• ACTIVITY: Copy out each line below verbatim, skipping any picture.
»»
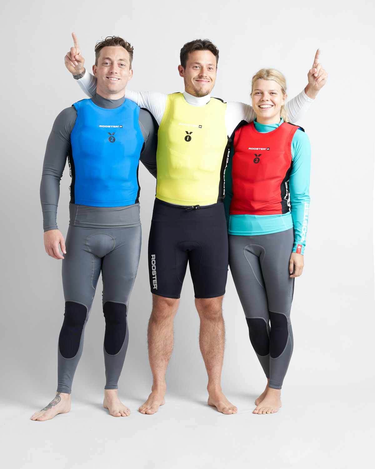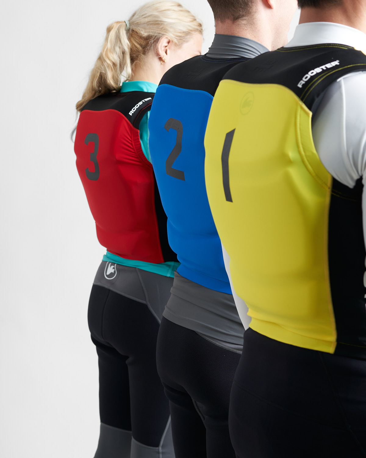 The Rooster Podium Bibs are designed to provide a streamlined, catch free fit when worn over the top of a buoyancy aid. The snug fitting lycra stretches over buoyancy aids and trapeze harnesses to minimise snags on sheets, trapeze and control lines and prevent tiller extensions getting hooked underneath shoulder straps.
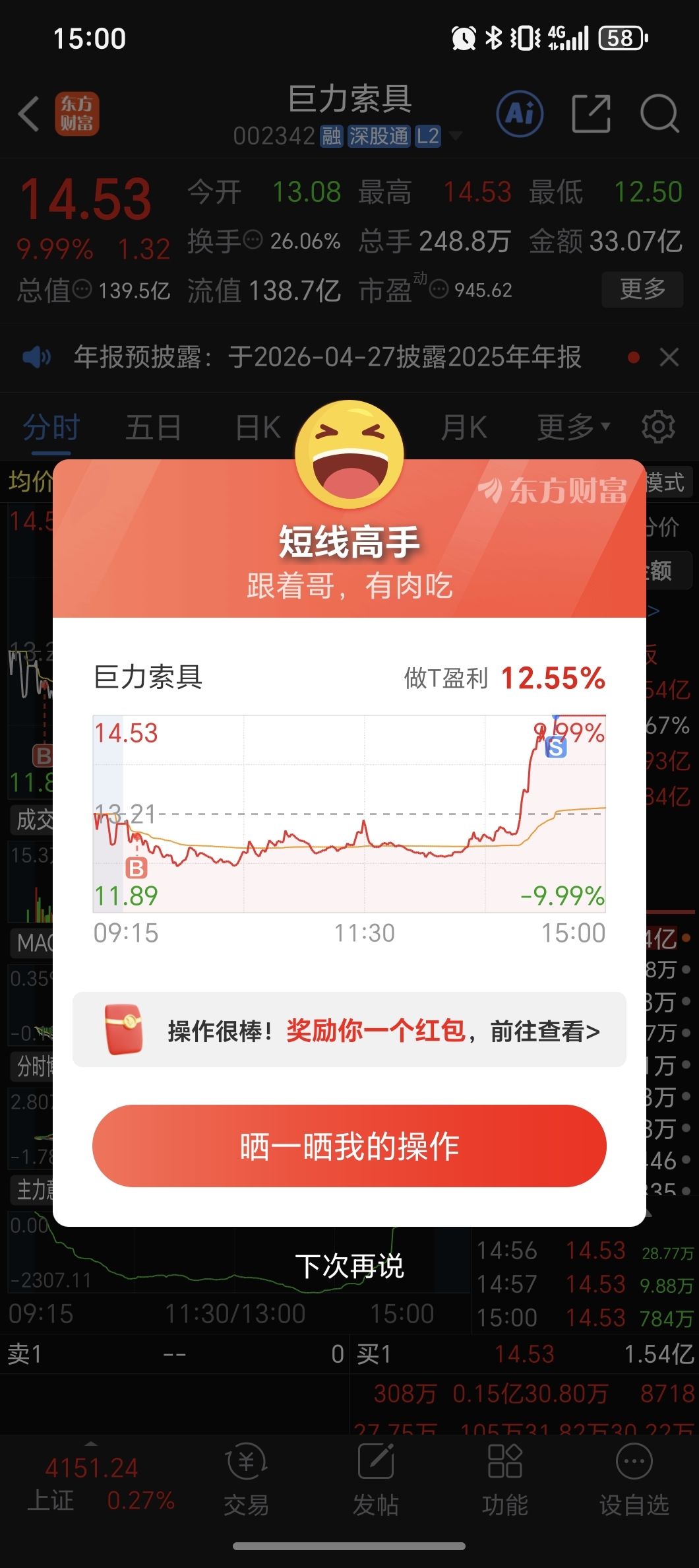坚定看好巨力索具,为防止明天产生分歧压力太大,今天选择做t,明天如果有机会,再低
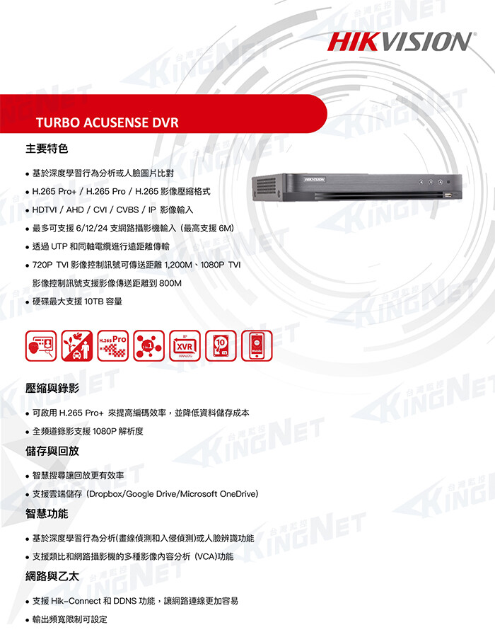 8路及1個硬碟的1U AcuSense DVR
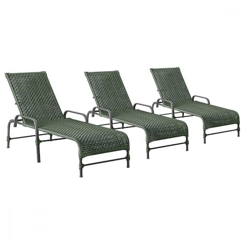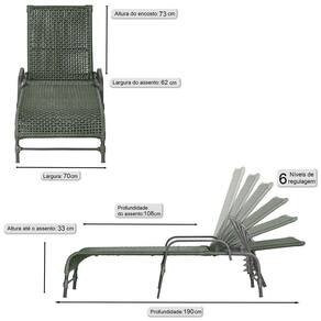 3 Espreguiçadeiras Reclinavel Catar Preto Corda Nautica Verde
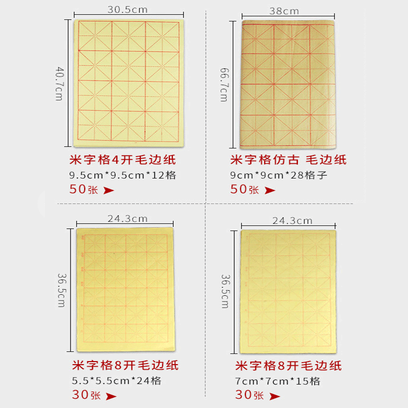 Liupintang raw edge paper rice character grid wholesale yuan book paper handmade rice paper brush calligraphy practice paper rice grid paper calligraphy paper
««
• WRITTEN SOLUTION:
 The Rooster Podium Bibs are designed to provide a streamlined, catch free fit when worn over the top of a buoyancy aid. The snug fitting lycra stretches over buoyancy aids and trapeze harnesses to minimise snags on sheets, trapeze and control lines and prevent tiller extensions getting hooked underneath shoulder straps.
坚定看好巨力索具,为防止明天产生分歧压力太大,今天选择做t,明天如果有机会,再低
 8路及1個硬碟的1U AcuSense DVR
 3 Espreguiçadeiras Reclinavel Catar Preto Corda Nautica Verde
 Liupintang raw edge paper rice character grid wholesale yuan book paper handmade rice paper brush calligraphy practice paper rice grid paper calligraphy paper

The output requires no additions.